On the best constant for Gagliardo-Nirenberg interpolation inequalities

TL;DR

This paper determines the optimal constants for certain Gagliardo-Nirenberg inequalities across different parameter ranges, linking these constants to solutions of generalized Lane-Emden equations, including explicit solutions in special cases.

Contribution

It provides explicit formulas for the best constants in Gagliardo-Nirenberg inequalities and characterizes extremal functions via solutions to generalized Lane-Emden equations.

Findings

Derived explicit formulas for best constants in Gagliardo-Nirenberg inequalities.

Connected extremal functions to solutions of generalized Lane-Emden equations.

Established limits of extremal solutions as certain parameters tend to infinity.

Abstract

In this paper we derive the best constant for the following Gagliardo-Nirenberg interpolation inequality \begin{eqnarray*} \|u\|_{L^{m+1}}\leq C_{q,m,p} \|u\|^{1-\theta}_{L^{q+1}}\|\nabla u\|^{\theta}_{L^p},\quad \theta=\frac{pd(m-q)}{(m+1)[d(p-q-1)+p(q+1)]}, \end{eqnarray*} where parameters $q,m,p$ respectively belong to the following two ranges: (i) $p>d\geq 1$, $q\geq0$ and $m=\infty$. That shows $L^{\infty}$-type Gagliardo-Nirenberg interpolation inequality. (ii) $p>\max\{1,\frac{2d}{d+2}\}$, $0\leq q<\sigma-1$, and $q<m<\sigma$, where $\sigma$ is defined by $ \sigma:= \frac{(p-1)d+p }{d-p}$ if $p<d$; $\sigma:=\infty $ if $p\geq d$. That gives $L^{m}$-type Gagliardo-Nirenberg interpolation inequality.
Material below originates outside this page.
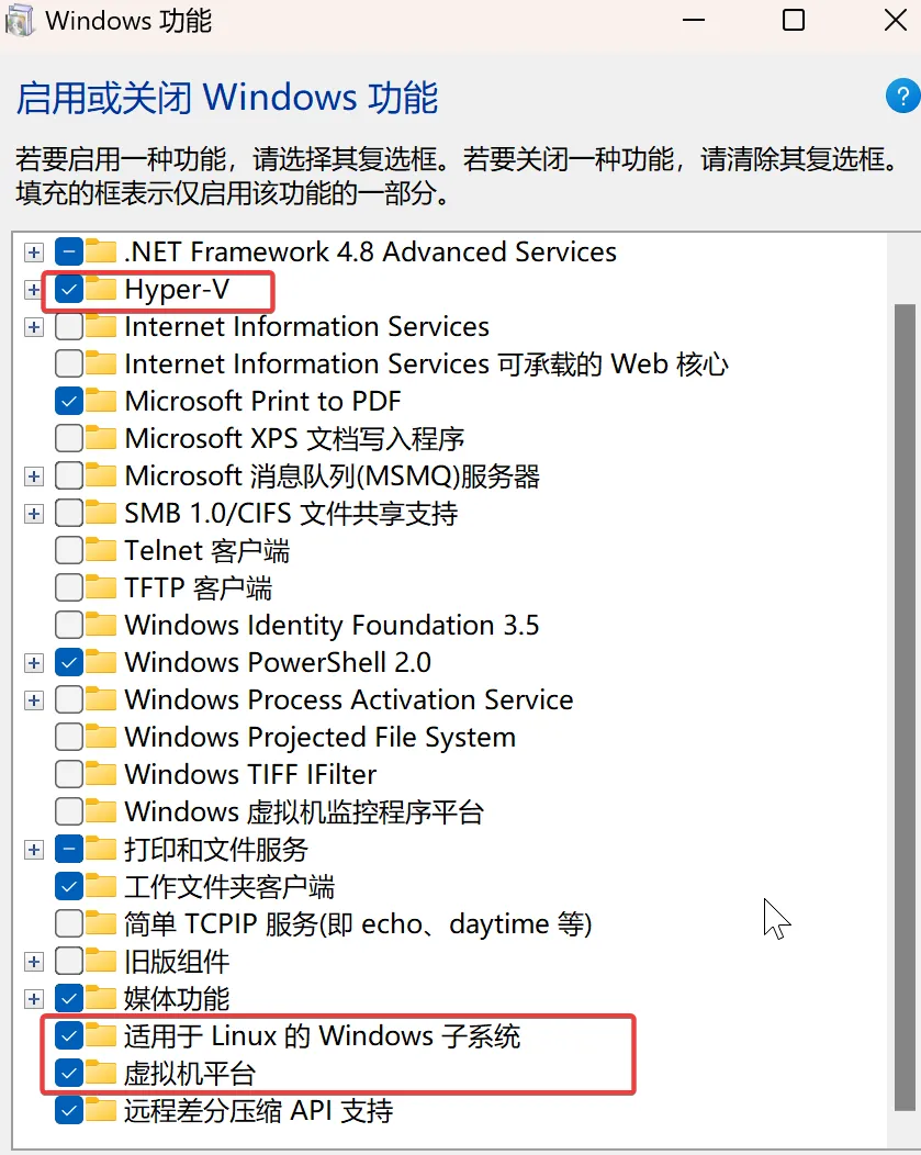 - 确保虚拟化所需的 Windows 功能服务已经开启

The best constant $C_{q,m,p}$ is given by \begin{eqnarray*} C_{q,m,p}:=\theta^{-\frac{\theta}{p}}(1-\theta)^{\frac{\theta}{p}-\frac{1}{m+1}}M_c^{-\frac{\theta}{d}},\quad M_c:=\int_{\mathbb{R}^d}u_{c,m}^{q+1}\,dx, \end{eqnarray*} where $u_{c,m}$ is the unique radial non-increasing solution to a generalized Lane-Emden equation. The case of equality holds when $u=Au_{c,m}(\lambda(x-x_0))$ for any real numbers $A>0$, $\lambda >0$ and $x_{0}\in \mathbb{R}^d$. In particular, for the case $m=+\infty$, the generalized Lane-Emden equation becomes a Thomas-Fermi type equation. For $q=0,~m=\infty$ or $d=1$, $u_{c,m}$ are closed form solutions expressed in term of the incomplete Beta functions. Moreover, we show that $u_{c,m}\to u_{c,\infty}$ and $C_{q,m,p}\to C_{q,\infty,p}$ as $m\to +\infty$ for $d=1$.